Data excerpt:
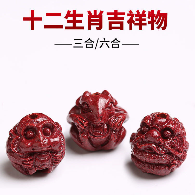 朱砂生肖円珠散珠十二生肖三合六合貴人2021ブレスレットアクセサリー
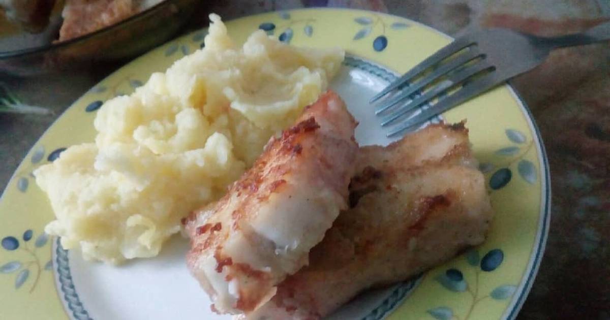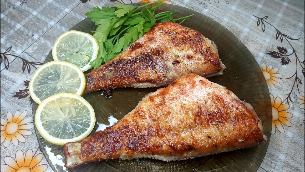 Вкусный, нежный и ароматный морской окунь, жареный на сковороде с луком.
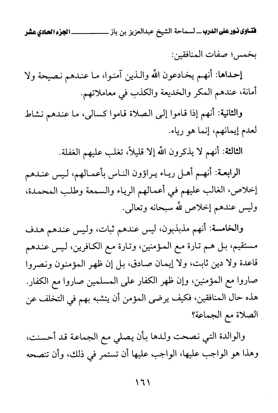 والخامسة: أنهم مذبذبون، ليس عندهم ثبات، وليس عندهم هدف مستقيم، بل هم تارة مع المؤمنين، وتارة مع الكافرين، ليس عندهم قاعدة ولا دين ثابت، ولا إيمان صادق، بل إن ظهر المؤمنون ونصروا صاروا مع المؤمنين، وإن ظهر الكفار على المسلمين صاروا مع الكفار. هذه حال المنافقين، فكيف يرضى المؤمن أن يتشبه بهم في التخلف عن الصلاة مع الجماعة؟
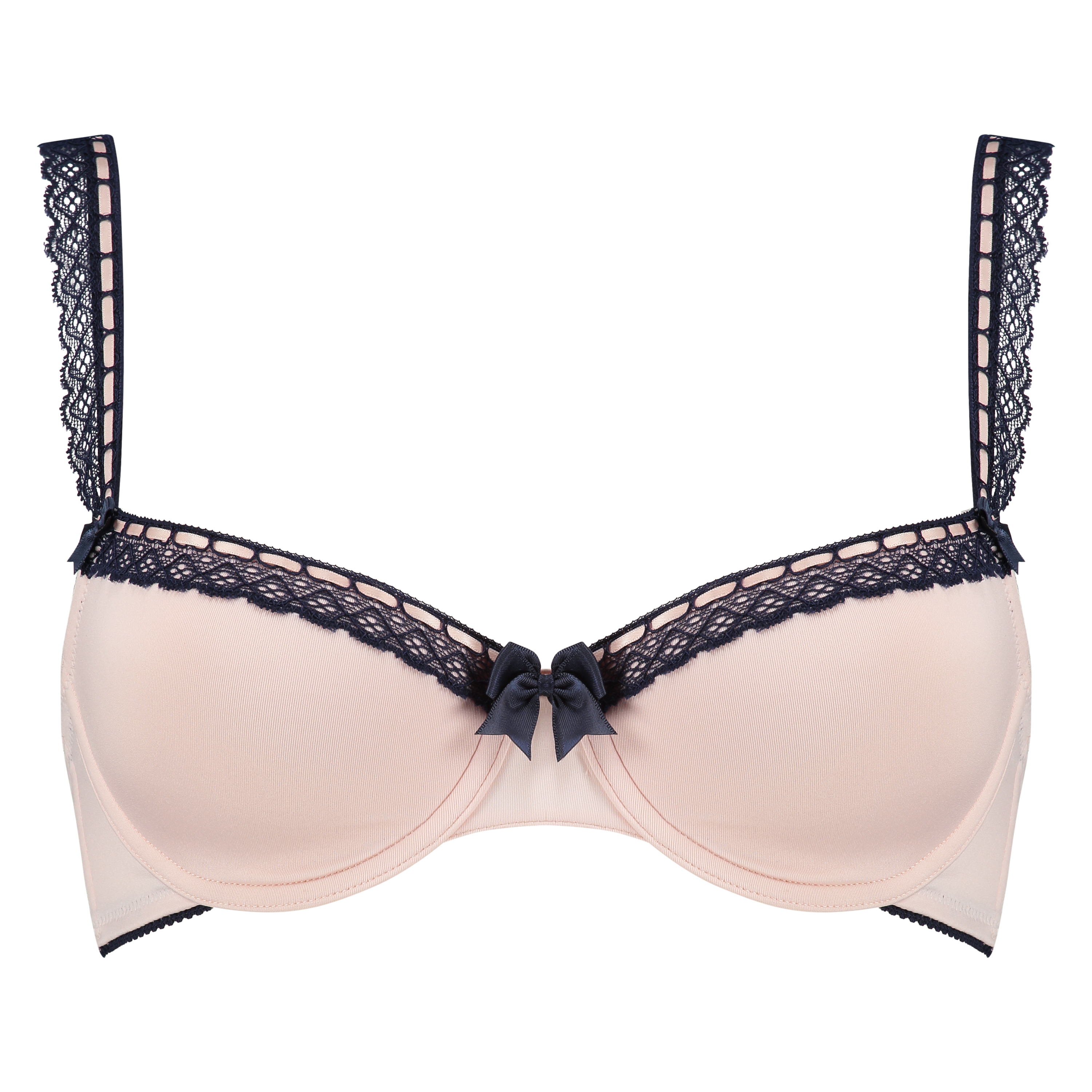 This padded and underwired bra is made from smooth fabric. It has lace edging along the top tops of the cups, which is continued on the shoulder straps. A small bow on the front adds a finishing touch.

Work to be completed: Beginning at the line that contains "Вкусный, нежный и", retype each line of the data above through the very last one. Do not retype the pictures.

Exercise result:
 Вкусный, нежный и ароматный морской окунь, жареный на сковороде с луком.
 والخامسة: أنهم مذبذبون، ليس عندهم ثبات، وليس عندهم هدف مستقيم، بل هم تارة مع المؤمنين، وتارة مع الكافرين، ليس عندهم قاعدة ولا دين ثابت، ولا إيمان صادق، بل إن ظهر المؤمنون ونصروا صاروا مع المؤمنين، وإن ظهر الكفار على المسلمين صاروا مع الكفار. هذه حال المنافقين، فكيف يرضى المؤمن أن يتشبه بهم في التخلف عن الصلاة مع الجماعة؟
 This padded and underwired bra is made from smooth fabric. It has lace edging along the top tops of the cups, which is continued on the shoulder straps. A small bow on the front adds a finishing touch.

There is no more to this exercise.